The positive linear and negative quadratic effects offset (not exactly because the precise maximum is 51.923). In other words, the slope of the regression line between wage and age is 0 at age 52.

8.3 Log models

Once again, we will forego the math of logarithms and instead focus on why we may want to use them in a regression model and how to interpret the results. In short, logarithms are used to express rates of change in a variable (i.e. percent change) rather than absolute change in a variable (i.e. unit change).

8.3.1 Logarithmic scales

Graphs like Figure 8.2 below were commonplace during the spread of COVID-19. Note how the values on the y axis are evenly dispersed, but each tick mark increases by a factor of 10 (i.e. the previous value multiplied by 10). The y-axis is in a log10 scale. Another common log scale for visualization is a log2 scale which increases each interval by a factor of 2.

Figure 8.2: Growth in COVID-19 cases by state

As the note at the bottom of Figure 8.2 states, one purpose of using a log scale is to effectively display a wide (or highly skewed) range of values (i.e., distribution). If the vertical axis of Figure 8.2 was not in log scale, and instead in the scale of absolute/raw counts, then the different states would be so far dispersed from each other so as to make the graph impractical to insert into a document. Instead, the vertical graph actually ranges from only 2 to 5, not 100 to 10,000. How?

Log base 10 of a given number returns the power that 10 would need to raised to to equal the given number. Log base 10 of 100 equals 2 because 10 squared equals 100. Extending this logic:

\[log_{10}1,000=3 \leftrightarrow 10^3=1,000\]

\[log_{10}10,000=4 \leftrightarrow 10^4=10,000\] \[log_{10}100,000=5 \leftrightarrow 10^5=100,000\]

and now a variable that ranges between 100 and 100,000 has a more manageable range between 2 and 5.

Also, what was an exponential increase in cases as days along the x-axis increases is now a proportional increase. For example, note that from day 0 (since the 100th case) to day 10, the trend line for New York is roughly linear. Equal incremental increases in days correspond to an equal incremental increase in cases rescaled to log base 10. Without the log scale, the slope of the line would be extremely exponential. Instead, the line is roughly linear. This conversion of a nonlinear relationship to a linear one has consequences for how we interpret regression models that use variables transformed into a log scale. Understanding those consequences begins with understanding rates of change rather than absolute change.

8.3.2 Percent v percentage point change

The rate of change relevant to log transformations is percent change. The equation for percent change is shown below.

\[\begin{equation} PctChange = {\frac{NewValue-OldValue}{OldValue}} \times 100 \tag{8.7} \end{equation}\]

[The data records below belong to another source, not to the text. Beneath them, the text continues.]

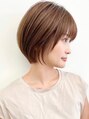 ひし形シルエットの大人かわいいショートボブ。艶カラーの大人ショートボブ。シースルー前髪で小顔に。抜け感ヘア。はちうえの量が膨らまない様に量をすいた骨格に合わせた似合わせカット。簡単スタイリングヘア。グレージュカラー グレーベージュ 斜めバング
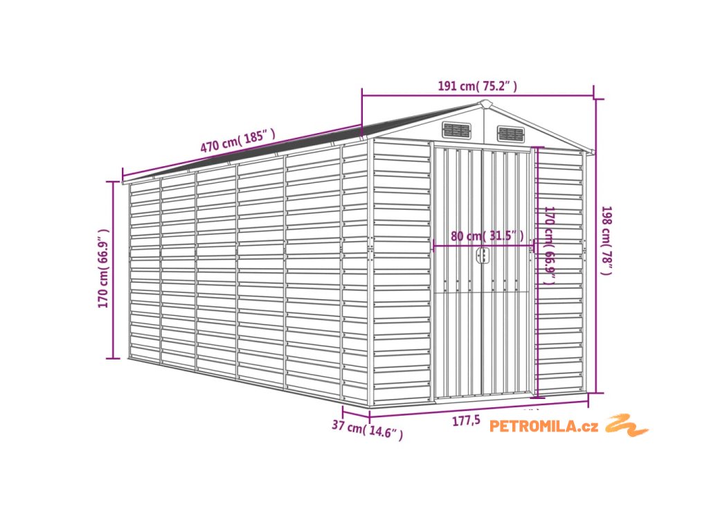- Dostatek úložného prostoru: Tato kovová kůlna poskytuje dostatek prostoru pro uložení palivového dřeva, zahradního nářadí, nábytku, vybavení a dalších věcí.
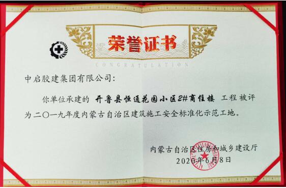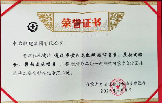 7月3日,內(nèi)蒙古通遼市住房和城鄉(xiāng)建設(shè)局傳來喜訊,建筑二公司施工的通遼市乳酸鏈球菌素、蔗糖發(fā)酵物、聚賴氨酸項目”和“開魯縣恒通花園小區(qū)2#商住樓獲得2019年度內(nèi)蒙古自治區(qū)建筑施工“安全標(biāo)準(zhǔn)化示范工地”榮譽稱號。
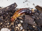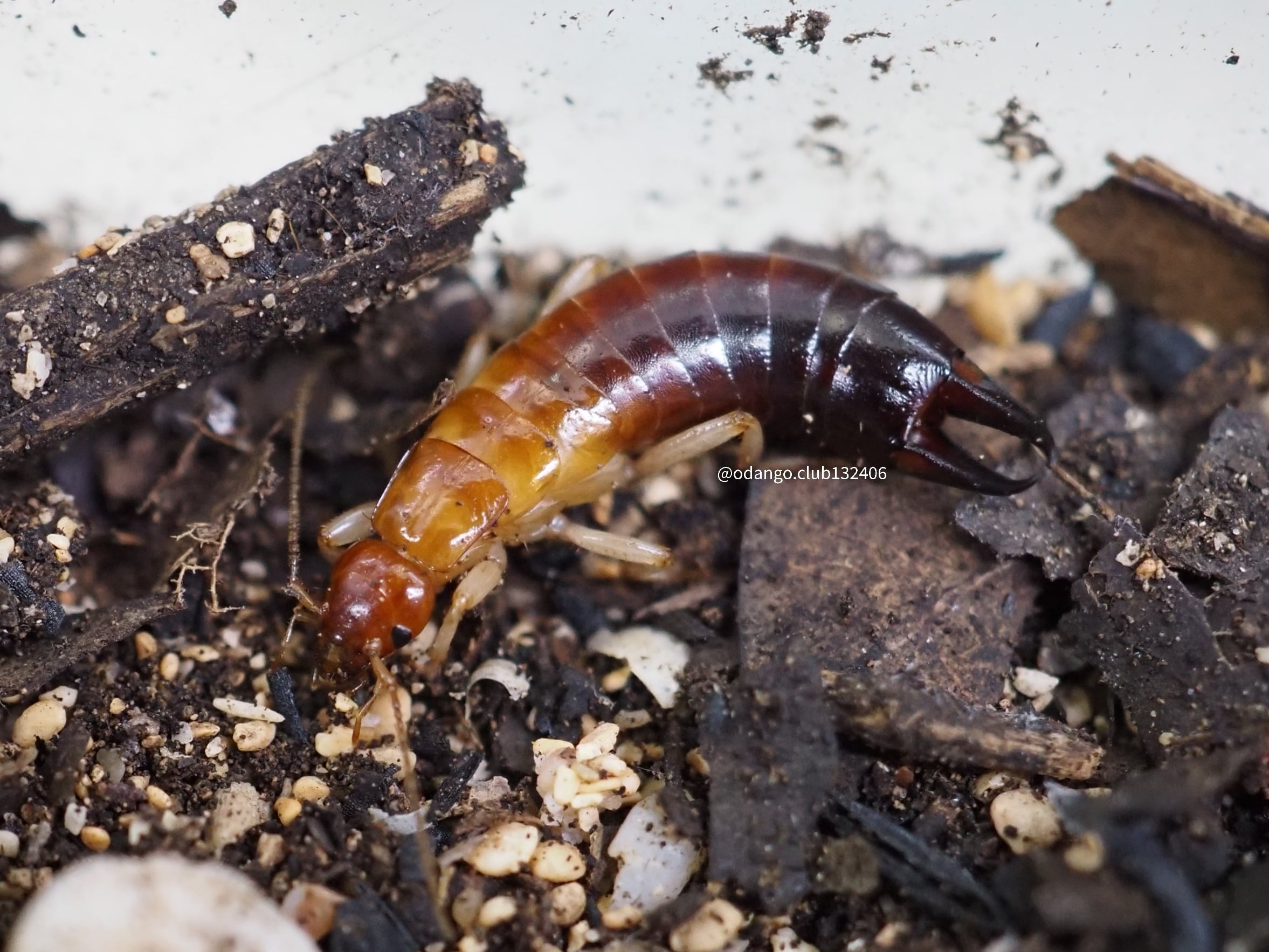 オレンジ色と赤みを帯びた黒色のツートンカラーのハサミムシです。
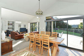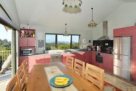 Versatile home with many options. Five bedrooms, plus a rumpus above the garage, means space and privacy for all. Two character bathrooms for a busy family . Set on 3.6ha of bush and open lawn, at the head of a forested gully.
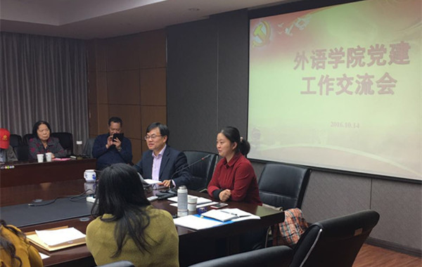 10月14日下午两点半,外语学院党建工作交流会在东五201举行。会议由学院党委书记褚超孚主持,全体领导班子成员、全体教职工党支部书记、各年级学生党支部书记参加了大会。
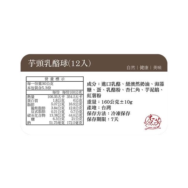 杏芳食品乳酪球任選口味禮盒2盒組12入/盒)
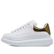 This Alexander McQueen Oversized Sneaker edition combines high-shine gold with a crocodile embossed texture, making it an elegant and attention-grabbing choice for those who appreciate a sophisticated yet distinctive look
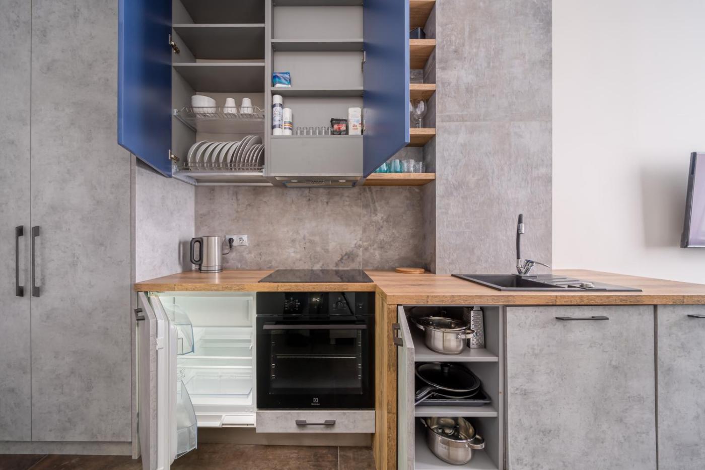 One-Bedroom Apartment. Boasting a private entrance, this apartment comes with 1 living room, 1 separate bedroom and 1 bathroom with a walk-in shower and a hairdryer. In the kitchen, guests will find a stovetop, a refrigerator, kitchenware and an electric kettle. The apartment features a washing machine, soundproof walls, a seating area, a flat-screen TV with streaming services, as well as ancourtyard view. The unit has 2 beds.

For example, if the number of COVID cases increase from 10,000 to 15,000 in one day, the absolute change in cases is 5,000. The percent change is

\[\frac{(15,000-10,000)}{10,000} \times 100 = 50\]

an increase of 50%, or half of the original value. Note that, in absolute terms, a percent change is not constant across starting values. If the next day experienced another 50% increase in cases from a starting value of 15,000, then the new value will be 22,500 (half of 15,000 is 7,500; 15,000 plus 7,500 equals 22,500). From 10,000 cases, a 50% increase results in a 5,000 increase in cases.

A nonlinear absolute change can be expressed in a linear/constant percent change.

A common cause of confusion is the difference between a percent change and a percentage point change. This occurs when we discuss the change in a variable that is already expressed as a percent. For example, if the U.S. unemployment rate increases from 4% to 15% during the COVID-19 pandemic, that’s an absolute change of 11 percentage points. The unemployment rate is expressed in units of percentage points, so a unit change is a percentage point change.

A percent change in a variable expressed in percentage points works just like any other variable. An increase from 4% to 15% in the unemployment rate is a 275% change ($\frac{15-4}{4} \times 100 = 275$).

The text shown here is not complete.